I was sorry to miss Ron Silliman on his visit to the UK. Unfortunately, my time is mostly not my own, and I rarely get to readings and festivals. It's a shame because one of my current projects is reading Silliman's 'The Alphabet'. I say project because it's no ordinary reading task. The book is an impressive physical object, a heavy block of over 1,000 pages. The physicality is, perhaps part of the what the book conveys - that it's an object in its own right, apart from the world, in line with LANGUAGE poetry's notion that language is a closed system. Some of the pages are laid out as verse, but large tracts are closely-space prose layout. The book is a record of day-to-day sensations and impressions, including an impression of the bombardment our brains receive from language in all its forms. It's not light reading. I find I have to set aside a block of time - say, thirty minutes - and force myself to stick to it. Why bother?

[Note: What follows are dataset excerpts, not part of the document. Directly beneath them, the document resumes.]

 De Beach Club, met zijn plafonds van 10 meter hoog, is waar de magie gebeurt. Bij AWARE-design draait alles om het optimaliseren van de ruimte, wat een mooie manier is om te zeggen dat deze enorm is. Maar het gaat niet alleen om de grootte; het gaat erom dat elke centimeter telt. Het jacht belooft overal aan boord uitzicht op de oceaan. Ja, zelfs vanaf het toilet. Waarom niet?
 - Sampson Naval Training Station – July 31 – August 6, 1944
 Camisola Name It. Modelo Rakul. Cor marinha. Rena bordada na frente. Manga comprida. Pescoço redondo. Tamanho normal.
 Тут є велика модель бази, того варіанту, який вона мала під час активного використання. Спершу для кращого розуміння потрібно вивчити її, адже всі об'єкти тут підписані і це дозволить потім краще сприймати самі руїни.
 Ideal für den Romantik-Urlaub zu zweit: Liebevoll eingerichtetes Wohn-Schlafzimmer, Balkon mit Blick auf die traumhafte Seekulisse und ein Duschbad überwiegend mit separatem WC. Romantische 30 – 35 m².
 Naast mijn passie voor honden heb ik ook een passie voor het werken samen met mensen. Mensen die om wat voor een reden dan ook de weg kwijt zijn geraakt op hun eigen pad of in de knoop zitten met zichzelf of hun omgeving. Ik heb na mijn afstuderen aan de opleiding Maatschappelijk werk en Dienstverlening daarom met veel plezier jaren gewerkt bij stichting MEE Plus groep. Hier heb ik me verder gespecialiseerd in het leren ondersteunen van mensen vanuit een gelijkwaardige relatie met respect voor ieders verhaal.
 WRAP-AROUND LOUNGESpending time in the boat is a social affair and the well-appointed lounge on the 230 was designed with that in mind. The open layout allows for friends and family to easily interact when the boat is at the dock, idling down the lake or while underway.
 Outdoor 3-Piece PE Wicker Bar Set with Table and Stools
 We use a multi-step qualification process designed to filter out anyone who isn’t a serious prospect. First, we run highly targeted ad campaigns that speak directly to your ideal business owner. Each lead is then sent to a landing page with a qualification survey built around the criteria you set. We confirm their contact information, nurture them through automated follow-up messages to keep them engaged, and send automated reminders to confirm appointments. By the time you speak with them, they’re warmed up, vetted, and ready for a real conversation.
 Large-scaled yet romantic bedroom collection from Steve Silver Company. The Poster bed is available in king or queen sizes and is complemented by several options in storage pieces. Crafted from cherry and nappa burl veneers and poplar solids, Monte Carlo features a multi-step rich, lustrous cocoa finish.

Well, that focussed act of attention is rewarding for its own sake - strangely relaxing. And the book is actually a pleasurable read - well-selected, witty and humorous in parts, invigorating, though sometimes - not often - it lapses into dullness. But overall, I think it's very well done. The sheer size of the text means you don't sit back and enjoy choice phrasing - there's too much to get through; you absorb so much at a single sitting, that you don't remember it; there's no narrative. As a consequence, the process of reading is foregrounded - you only truly engage with the work during the act of reading it, you don't recollect it in tranquillity. Similarly, through it's size and physicality, the book as text is emphasised, and therefore, by implication, the process of producing it - 'process' being another important tenet of LANGUAGE poetry. 'The Alphabet' may seem the polar opposite of work by other poets that I like, say, George Oppen or Basil Bunting; yet the physical presence of the text has its parallel in the physicality of those two poets, albeit, in their case, expressed by verbal texture and the foregrounding of text through compression and economy.

1 comment:

Ed Baker said...

AHHH

the last time that I went to a Poetry Reading was when I read at Johns Hopkins in 1971!

now to "missing Ron Silliman"

pray tell: who is Ron Silliman?

I must've missed something...

or other.

like me, Ron looks a bit like Papa Smurf!